Please send your answers to me in a PLAIN TEXT file as an attachment
(in a perfect world,
your text file would not have lines longer than 80 characters, but
I'll reformat it if it does). Label the answers clearly so it is
obvious what answers correspond to what questions. Leave space
between each question. Please place your answers in order in the
file. Send your completed exam to margo@eecs.harvard.edu.
I will return the graded exam to you; I tend to engage in a dialog as
much as possible, so there is some educational value in reading more
than just the final number.
This exam is open text book, open source code, and open notes. You
may not use computers (cell phones, PDAs, or any other device that can
talk to a network)
during the exam (other than to record your answers, to view OS/161
or System/161 code, or to examine your notes or the course web site).
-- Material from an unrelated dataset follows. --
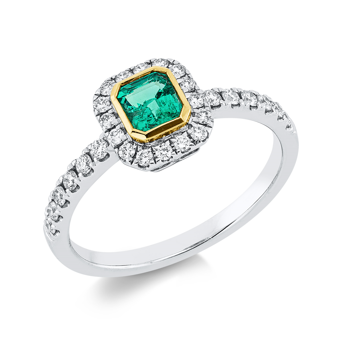 Ring 18 kt WG+GG, 28 Brillanten 0,28 ct, TW-si, 1 Smaragd 0,35 ct grün, Weite:53

Please do not access the Piazza group during the exam.
You must complete the exam on your own.
Exam Policy Statement
At the end of your exam, assuming that you have followed the rules
as stated above, please write the following statement and
then place your name after it, asserting that you have followed the
rules of the exam. "I have neither given nor received help on this exam
and have followed the rules as stated."
If this statement is absent, you will hear from me.
1. Buffer Cache Fun (60 points)
These questions are based on real world challenges in file systems.
A. O_DIRECT
As you learned in assignment 4 and our file system lectures, file
systems often maintain an in-memory collection of pages to speed access
to frequently used files (i.e., the buffer cache).
Software that wishes more explicit control over when data gets to disk
(e.g., transactional database systems) frequently find the buffer cache
a problem. They often implement their own in-memory cache and when they
issue a write system call, they really want the data to go to disk.
In recognition of this problem, some systems provide an open flag
(i.e., a flag to the open system call), O_DIRECT (or the F_NOCACHE
flag to the fcntl system call), that directs the file system not to
cache data for the file in question, but instead to service read/write
requests directly from/to the disk.
Consider the following scenario:
- Process P opens file F with the O_DIRECT flag set.
- The standard cp utility does not set O_DIRECT.
- Now, let's say that P periodically writes blocks to F.
- A shell script wakes up periodically and copies F to make a backup.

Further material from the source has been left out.